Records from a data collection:
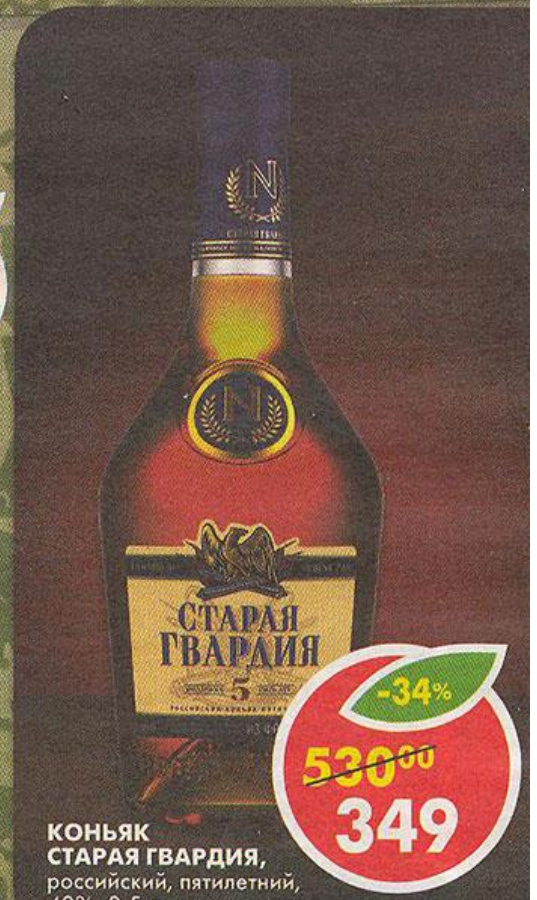
КОНЬЯК СТАРАЯ ГВАРДИЯ, российский, пятилетний, 40%, 0,5 л
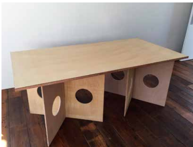
テーブル 2台 W1800 x D900mm x H745
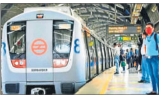
● मेट्रो के इंतजार में प्लेटफॉर्मों पर इकट्ठी हुई यात्रियों की भारी भीड़

नई दिल्ली। दिल्ली मेट्रो की येलो लाइन के विश्वविद्यालय मेट्रो स्टेशन पर एक यात्री के पटरी पर गिर जाने के कारण मेट्रो सेवाएं करीब डेढ़ घंटे तक बाधित रहीं। इस बीच मेट्रो का इंतजार कर रहे यात्रियों की प्लेटफॉर्मों पर थपी भीड़ इकट्ठी हो गई गई। दिल्ली मेट्रो रेल कॉर्पोरेशन (डीएमआरसी) ने एक्स पर एक पोस्ट में कहा, विश्वविद्यालय मेट्रो स्टेशन पर एक यात्री के पटरी पर होने के कारण येलो लाइन पर ट्रेन सेवाओं के संचालन में देरी हुई। डीएमआरसी ने कहा कि घटना के बाद सुरक्षा कारणों से येलो लाइन पर ट्रेन सेवाओं को नियंत्रित किया गया, जिससे सुबह के
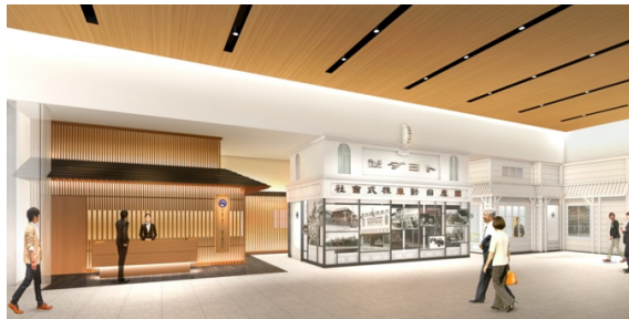
和の設えでおもてなしするラウンジと三重トヨタ自動車の歴史を伝えるコーナー
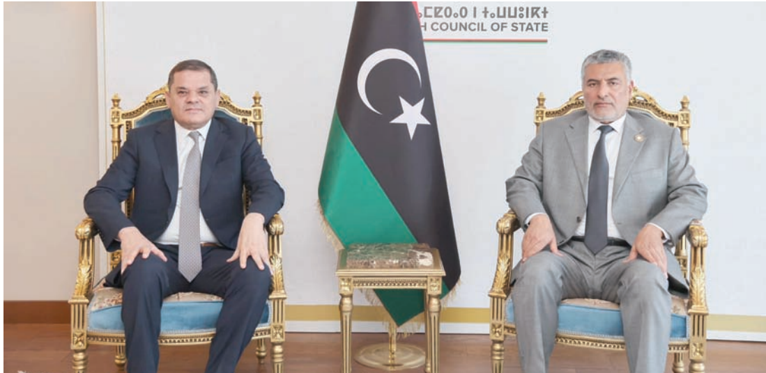
اجتماع الدبلوماسية وتكاتف (حكومة «الوحدة»)

أعلن عبد الحميد الدبيبة، رئيس حكومة «الوحدة الوطنية» الليبية المؤقتة، إعادة هيكلة «قوة التدخل والسيطرة» بغرب البلاد، بعد اشتباكات مفاجئة في العاصمة طرابلس، بين عناصر «جهاز الأمن العام» التابع لها، بقيادة عبد الله الطرابلسي الشهير بـ«فراولة»، شقيق وزير الداخلية المكلف عماد الطرابلسي.
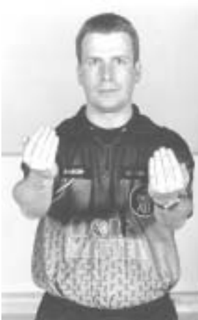
Tilladelse til at betræde banen
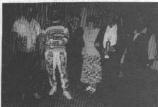
Das Ergebnis der Spielrunden der ersten 5 Plätze.
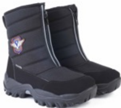
Черный Техник / Tuono Tecnic_ BlkYellow
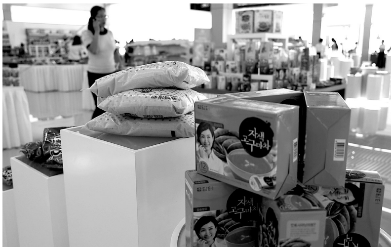
市民在郑州就可以挑选到称心如意价格便宜的国外商品。
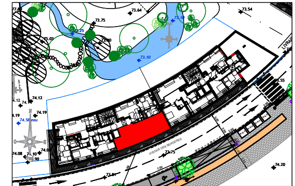
ILOT 9 AVENUE DES BERGERES
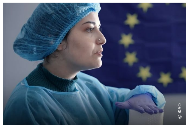
Женщины в Грузии имеют возможность получать гранты на модернизацию оборудования и помещений.

В ходе мероприятия местные женщины, производящие сельскохозяйственную продукцию, сделали сыр халлуми вместе с представителями Европейского союза, Швеции и ФАО, а также продемонстрировали тесты на определение качества молока, которые являются основными технологиями, изучаемыми в полевой школе ФАО для фермеров.
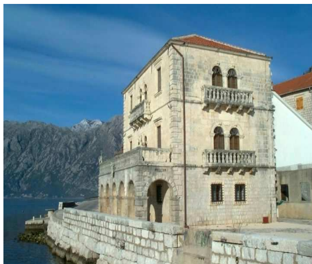
Slika 16: Palata Bujović

U Perastu danas postoji 19 palata baroknog stila iz perioda od 17. do 18.vijek: Palata Bujović, jedna od najljepših baroknih zgrada na cjelom primorju, djelo već pomenutog arhitekta Giovanni Batiste Fontane iz Venecije; Palata Lučić-Kolović-Matikola, Palata Bronza, Palata Balović, Palata Vukasović-Kolović, Palata Brajković-Martinović, Palata Smekja, Palata Visković, Palata Mazarović, Palata Zmajević (poznata je kao biskupija jer su u njoj stolovala dva biskupa Andrija i Vicko Zmajević).
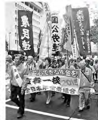
◀賛同団体を先頭にデモをする中央集会参加者

大阪府本部の「年金者一揆inおおさか」は10月16日、なんば高島屋前に組合員ら650人が結集し、周辺はオレンジカラーで埋めつくされました。太鼓の音も勇壮に大宣伝行動となり、写真、大阪府知事・市長のダブル選挙で維新政治の1掃を、年金下げるな、戦争法廃止などを呼びかけました。(詳報6面)
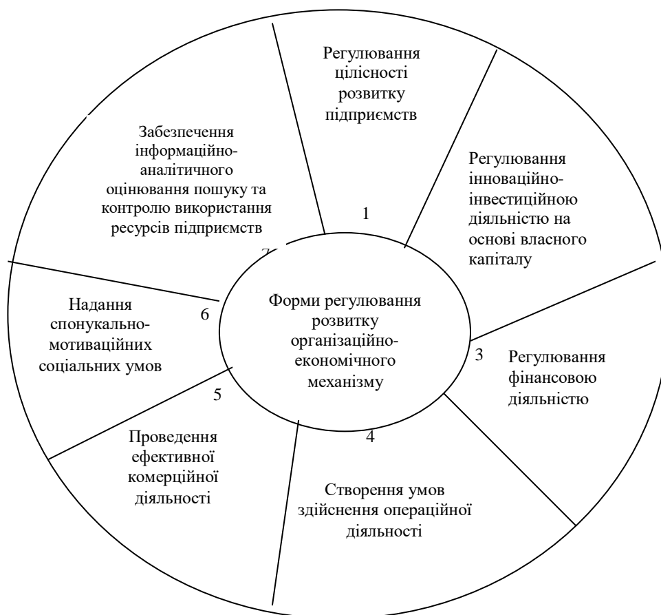
Рис. 2. Основні складові організаційно-економічного регулювання діяльності та розвитку плодово-овочевого консервного виробництва

Наші дослідження дозволяють утвердитись у думці про те, що шлях розвитку плодово-овочевого консервного виробництва має пролягати через створення інтегрованих агропромислових виробничих структур. До переваг міжгалузевих інтегрованих структур, стосовно плодово-овочеконсервного виробництва, слід віднести наступні:
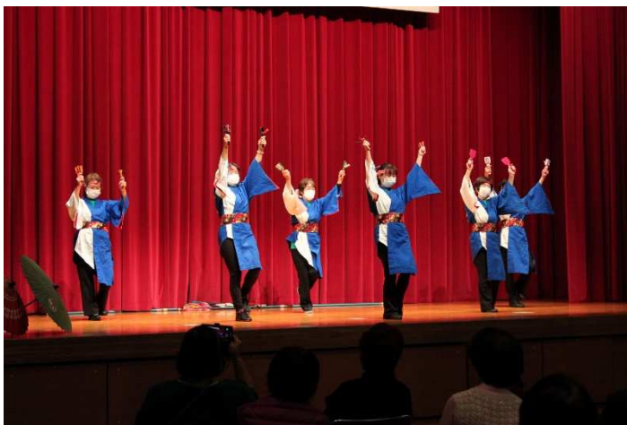
活動団体による発表

Your task =>
The lines wanted run from the one with "В ходе мероприятия" through the final line of the data; repeat them word for word and skip every picture.

Answer space =>
В ходе мероприятия местные женщины, производящие сельскохозяйственную продукцию, сделали сыр халлуми вместе с представителями Европейского союза, Швеции и ФАО, а также продемонстрировали тесты на определение качества молока, которые являются основными технологиями, изучаемыми в полевой школе ФАО для фермеров.
Slika 16: Palata Bujović

U Perastu danas postoji 19 palata baroknog stila iz perioda od 17. do 18.vijek: Palata Bujović, jedna od najljepših baroknih zgrada na cjelom primorju, djelo već pomenutog arhitekta Giovanni Batiste Fontane iz Venecije; Palata Lučić-Kolović-Matikola, Palata Bronza, Palata Balović, Palata Vukasović-Kolović, Palata Brajković-Martinović, Palata Smekja, Palata Visković, Palata Mazarović, Palata Zmajević (poznata je kao biskupija jer su u njoj stolovala dva biskupa Andrija i Vicko Zmajević).
◀賛同団体を先頭にデモをする中央集会参加者

大阪府本部の「年金者一揆inおおさか」は10月16日、なんば高島屋前に組合員ら650人が結集し、周辺はオレンジカラーで埋めつくされました。太鼓の音も勇壮に大宣伝行動となり、写真、大阪府知事・市長のダブル選挙で維新政治の1掃を、年金下げるな、戦争法廃止などを呼びかけました。(詳報6面)
Рис. 2. Основні складові організаційно-економічного регулювання діяльності та розвитку плодово-овочевого консервного виробництва

Наші дослідження дозволяють утвердитись у думці про те, що шлях розвитку плодово-овочевого консервного виробництва має пролягати через створення інтегрованих агропромислових виробничих структур. До переваг міжгалузевих інтегрованих структур, стосовно плодово-овочеконсервного виробництва, слід віднести наступні:
活動団体による発表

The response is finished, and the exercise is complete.